Вы, безусловно, правы, маркиз. Буржуазная «гласность» с ее хамской вседозволенностью, убивающей «стыдливость мысли», несовместима с истинным творчеством. И сегодня мы в России понимаем это особенно отчетливо…

« В душу русских, народа насмешливого и меланхолического, природа, должно быть, вложила глубокое чувство поэтического - ведь им удалось придать неповторимый и живописный облик городам, построенным людьми, что были начисто лишены воображения, к тому же в самой унылой, однообразной и голой стране на свете… Но когда б я мог показать вам Петербург с его улицами и обитателями таким, каким он предстает передо мной, я бы в каждой строчке описывал жанровую сценку, - столь мощно восстает славянский национальный гений против бесплодной одержимости своего правительства.»
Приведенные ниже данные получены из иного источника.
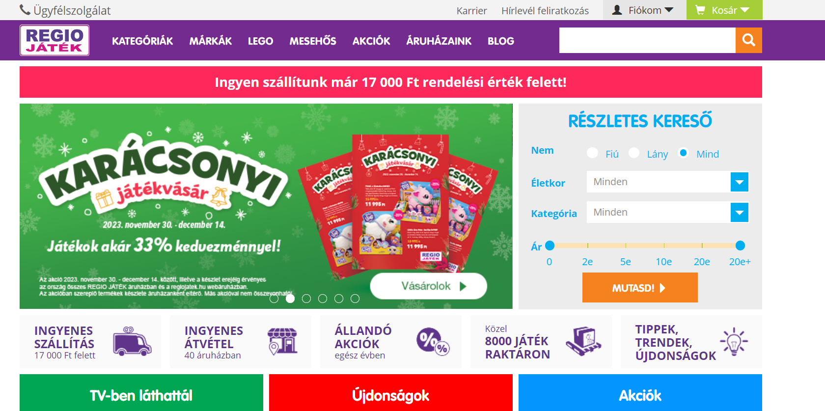 REGIOJáték.hu – a sort az egyik legújabb kampányunkkal folytatjuk, ahol a minden gyerkőcnek találsz valamilyen izgalmas ajándékot. Ebben a vásárló segítségére van az ajándékválasztó, de nyereményjátékkal és karácsonyi játékvásárral is kedveskednek. Partnerként pedig az akár 10% jutalékot érdemes kihasználni 😊
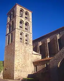 El transepto fue construido en el siglo XII, por debajo del coro, con dos campanarios, uno a cada lado flanqueados por absidiolas. Actualmente solo queda el de la zona sur, de tres pisos con arcos de medio punto sostenidos por capiteles románicos y merovingios.
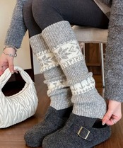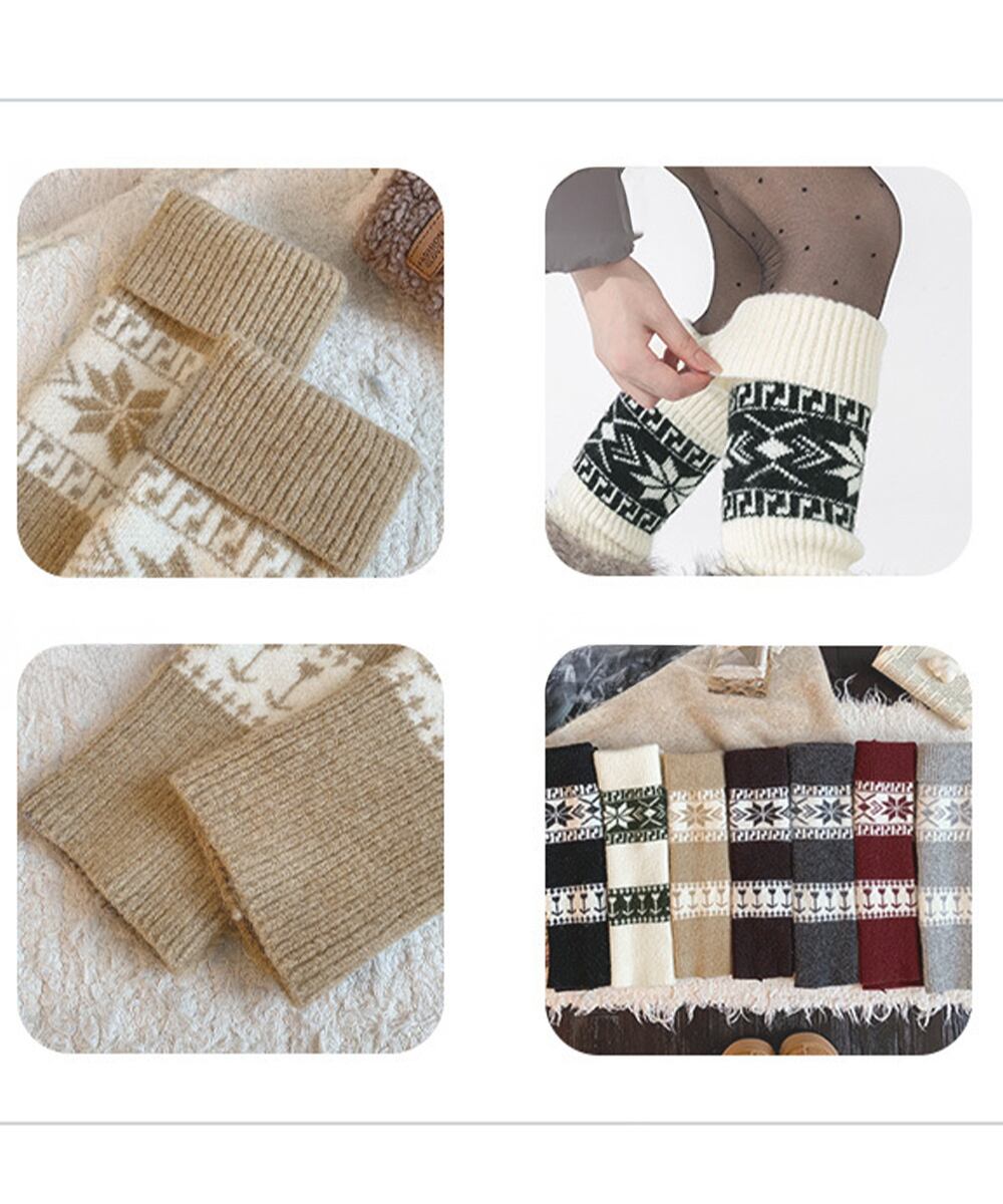 ウールタッチの厚手ニット素材を使用した、レディーススノーフレーク柄レッグウォーマー。
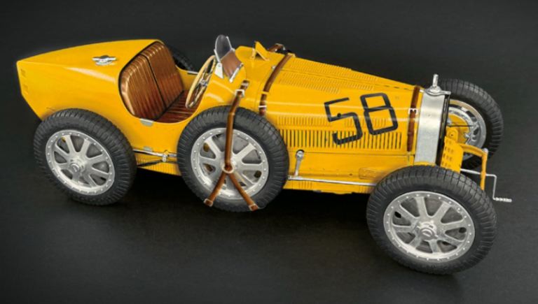 La Bugatti Type 35 è tra le più iconiche e significative vetture della Storia dellautomobilismo sportivo. Capolavoro di Ettore Bugatti è un eccellente mix di competenze ingegneristiche, design, eleganza, leggerezza e velocità. Prodotta durante gli anni 20 conquistò nelle competizioni su strada e su pista un numero incredibile di vittorie. Venne infatti specificatamente progettata per il mondo delle competizioni con lintroduzione di soluzioni tecniche e meccaniche che la rendevano ideale per i circuiti dellepoca. Tra le vittorie del suo Palmares la Targa Florio del 29 e il Gran Premio di Monaco del 1930. Si caratterizzava, da un punto di vista estetico, per linconfondibile forma del radiatore a ferro di cavallo, marchio di fabbrica della casa automobilistica Bugatti. Grazie al suo motore di 8 cilindri da 2.263 cm3, associato ad un cambio meccanico a quattro rapporti, ed equipaggiato con compressore volumetrico, la Bugatti Type 35 era in grado di raggiungere la velocità massima di 210 Km/h.
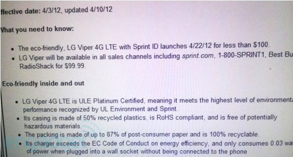 The launch of Sprint’s first LTE handset may not be that far off. Engadget obtained an internal memo at Sprint that details the launch of the LG Viper 4G. According to the leak, the Viper 4G will land over on the Now Network April 22 for less than $100. Of course, Sprint’s LTE network is not live, and there is no word on when the carrier plans to make it available. If you purchase the Viper 4G, you may be without 4G for a few weeks months. However, remember that pre-orders for the device begin tomorrow on Sprint’s website. You can check out the leaked memo after the break.
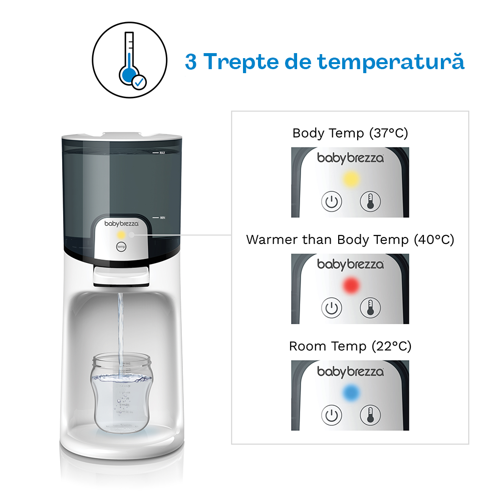 Cu trei setări de temperatură – la temperatura camerei, temperatura corpului sau puțin mai caldă – poți alege oricând opțiunea potrivită pentru confortul bebelușului tău. Rezervorul etanș de 1,48 litri oferă suficientă apă pentru mai multe biberoane consecutive, iar designul compact îl face ideal pentru orice bucătărie sau colț de hrănire.

Вспомнилась еще одна француженка, мадам де Сталь, и сцена из пушкинской повести «Рославлев». К французской знаменитости решил подольститься русский вельможа, заявив: все пророчат нам войну с Европой, с Наполеоном, помилуйте, куда нам воевать с Европой, это с нашими-то бородами!
На что француженка ответила: народ, который сто лет тому назад отстоял свою бороду, сумеет отстоять и свою голову.
Нет, что вы ни говорите, а в изящности мысли французам не откажешь…     
Но вернемся к маркизу…

«Удивительно, как мощно одарены нации от природы: на протяжении более чем столетия благовоспитанные русские - знать, ученые, власти предержащие, только тем и занимались, что клянчили идеи и искали образцов для подражания во всех обществах Европы - и что же? смешная фантазия государей и придворных не помешала русскому народу остаться самобытным.»

И  еще…

«Народ этот умен и по природе своей слишком утончен, слишком тактичен и деликатен, чтобы слиться когда-нибудь с тевтонской расой.»

Если маркиз де Кюстин - русофоб, а это несомненно, ибо опасается он нас не по-детски, то, как нам назвать наших либералов? Ведь этому сонмищу сатанинскому в русском языке попросту имени нет. По крайней мере, имени цензурного. Если у маркиза мы обнаруживаем своеобразное величие души, то у наших либералов не то, что величия, но и души-то обнаружить невозможно. 
Фобия - это одновременно и страх, и ненависть. Страх в сочинении маркиза, безусловно, присутствует, но ненависть там обнаружить трудно. Скорее, восхищение. Француз хорошо понимает Запад и стремится понять Россию. При этом ему многое удается понять.
Наши либералы, как дикари-самолетопоклонники Меланезии, никогда не понимали Запад, и никогда не желали понимать Россию. Они всегда презирали «страну пребывания» за относительную бедность. У  них есть только ненависть к «неправильной» стране, которая не могла им «обеспечить». Сами же они, как правило, не способны на какую-либо серьезную созидательную деятельность. Но при этом либералы в России практически всегда при деньгах и рядышком с властью. Во все времена (может быть за вычетом сталинских). Они убеждены, что непременно должны присутствовать в тех оазисах России, которые по уровню материальной культуры наиболее близки к Западу. Почему должны? Да потому, что они европейски мыслящие люди! Они - жемчужины в навозе. А что касается страха, то его либералы всегда только имитируют. По большей части реально им никогда и ничто не угрожает. Они во все времена умели сочетать  оппозиционность и диссидентство с близостью к кормушке.
Конечно, в книге де Кюстина полным-полно таких мест, которые с радостью могут цитировать и цитируют наши либералы. Эта книга и для Запада всегда была поставщиком нужных цитат. Однако большая часть тех отрицательных свойств, которые приписывает нам автор, просто декларируется. Причем декларируется на тот момент, когда выявить эти свойства в процессе тесного общения с социумом маркиз еще попросту не имел возможности.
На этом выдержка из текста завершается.